There are a couple of common reasons for seeing this. 1.) You are connecting through some sort of proxy / VPN / network scanner 2.) You have your Okta Org setup with a custom domain and it does NOT have the full certification chain setup
Without any more info I'm going into guess the second, but here is an easy way to test it:
- Go to: https://ssltools.digicert.com/checker/views/checkInstallation.jsp
- Type in your domain for example.
id.example.com - Click on the "Certificate Chain" tab (and check for errors)
If you see errors on this tab, you can correct the problem by following this guide: https://developer.okta.com/docs/guides/custom-url-domain/enable-the-custom-domain/
The "chain" is optional for some clients (for example most browser connections don't need it), but many languages/frameworks (e.g. Java) require the full chain to be installed.

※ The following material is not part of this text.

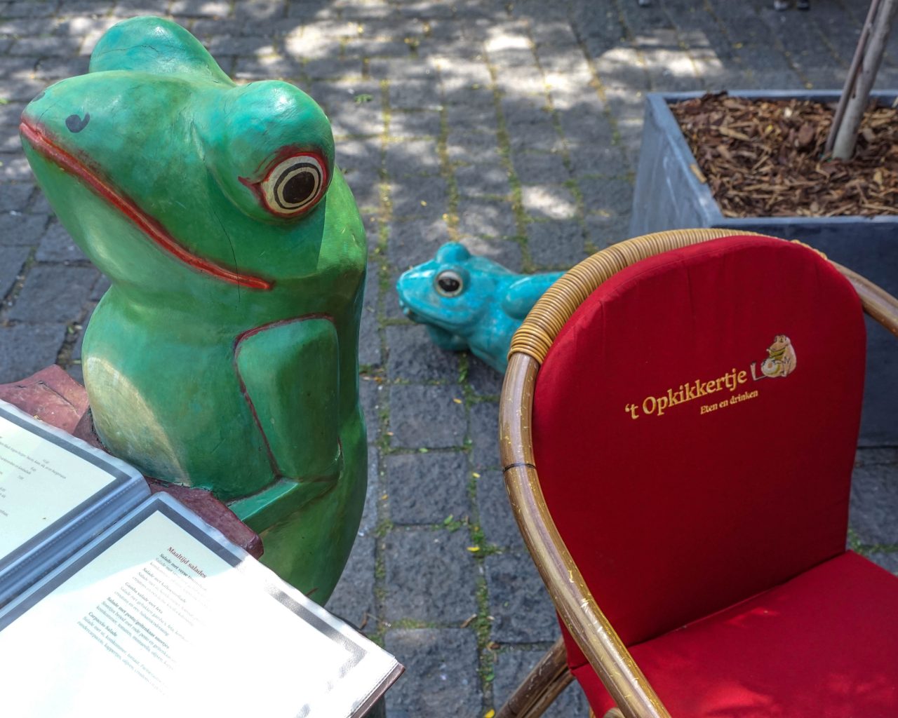 Binnen/buiten: ik zou je aanraden om lekker buiten op het terras van ’t Opkikkertje te zitten, maar wel binnen de vele kikkers even bewonderen!
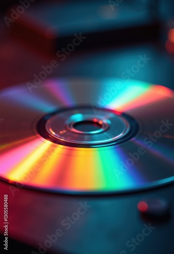 A vibrant close-up of a cd reflecting colorful light, perfect for technology, music, or digital media themes in marketing and branding.

Either way, let me know if this helps, it's possible we could catch this error and provide better instructions, (but I'm just making an educated guess)

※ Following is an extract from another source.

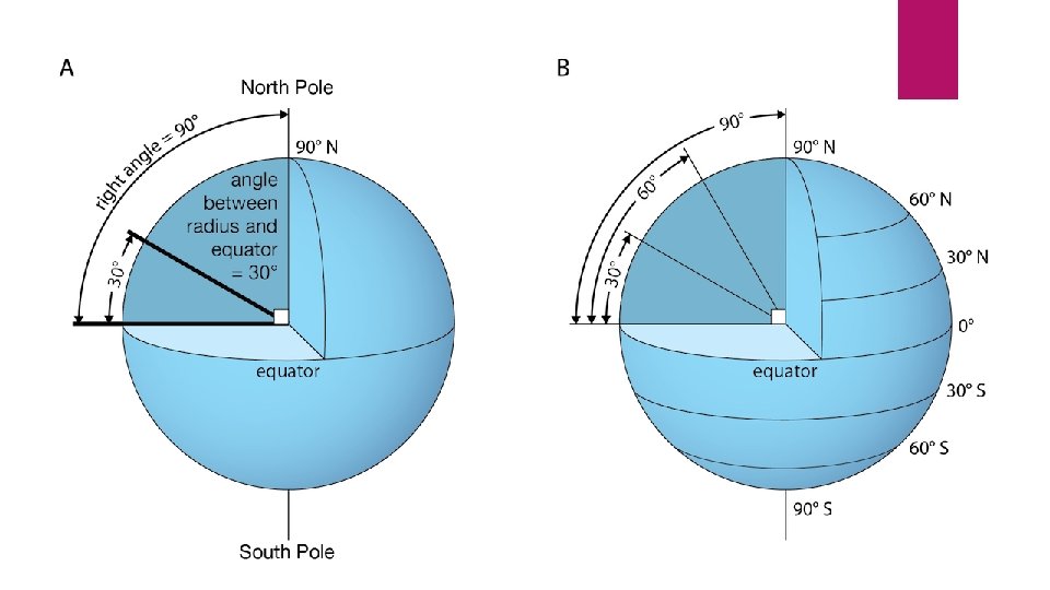 Latitude continued…… Latitude For example: The North Pole is 90°N (north) latitude and the South Pole is 90°S (south) latitude. The Equator measures 0° because it is exactly in the middle of the two poles (North & South) Imagine you could draw a line from the North Pole into the center of Earth and rom the center straight to the surface. The lines would form a 90° angle. That’s why the North Pole has the latitude 90°N and the South Pole has the latitude 90°S A line from the center of Earth to Washington, D. C. , would form an angle of about 38°, which is why the latitude of Washington, D. C. , is 38°

Assuming I'm wrong, let me know your Okta Org / URL and I can take a look. If you don't want to put that info in this issue, you can send it to Okta support, and reference this issue, and tell them to pass the info to @bdemers 😉
@bdemers - This is also a problem if the a company uses self-signed certs for things like ZScaler. Is it possible to import a certificate chain into the embedded java truststore the cli is using? Or provide and environment variable like AWS_CA_BUNDLE?
@klongmitre, there are no immediate plans to support self-signed certificates with the Okta CLI.

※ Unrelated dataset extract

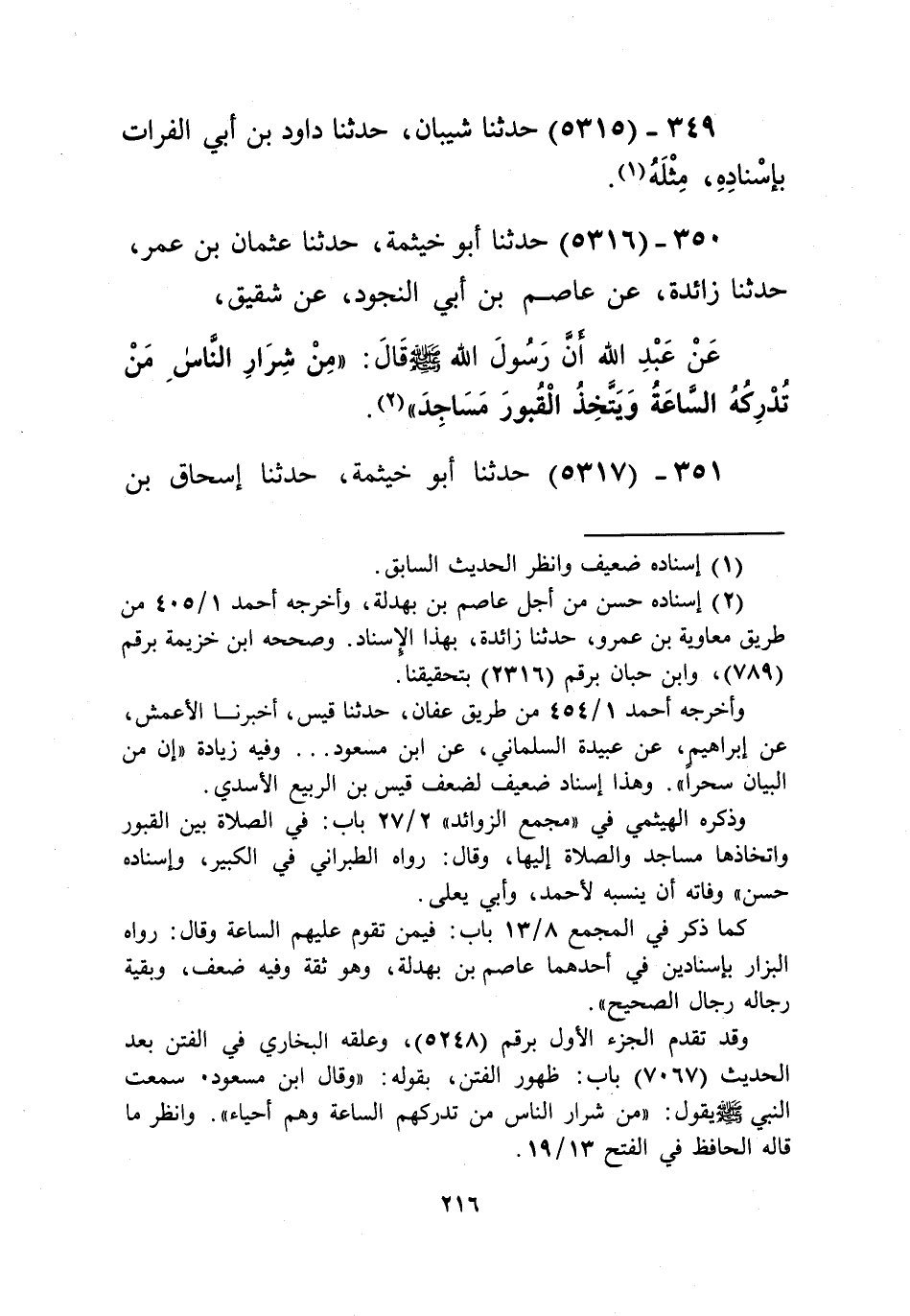 5316 - حَدَّثَنَا أَبُو خَيْثَمَةَ، حَدَّثَنَا عُثْمَانُ بْنُ عُمَرَ، حَدَّثَنَا زَائِدَةُ، عَنْ عَاصِمِ بْنِ أَبِي النَّجُودِ، عَنْ شَقِيقٍ، عَنْ عَبْدِ اللَّهِ، أَنَّ رَسُولَ اللَّهِ صَلَّى اللهُ عَلَيْهِ وَسَلَّمَ قَالَ: «§مِنْ شِرَارَ النَّاسِ مَنْ تُدْرِكْهُ السَّاعَةُ وَيَتَّخِذُ الْقُبُورَ مَسَاجِدَ» Kإسناده حسن

Ideally, we'd like to see folks using certs with chains, but I understand that isn't always as simple as it sounds. I'll leave this issue open for a bit to see if any other folks are looking for this functionality and we can reconsider it!
I can offer a quick workaround, though, you can grab the Java jar version of the Okta CLI: https://repo1.maven.org/maven2/com/okta/cli/okta-cli/0.10.0/okta-cli-0.10.0.jar
Run it as:
java -jar /path/to/okta-cli-0.10.0.jar
Then configure your JVM with the appropriate keystore.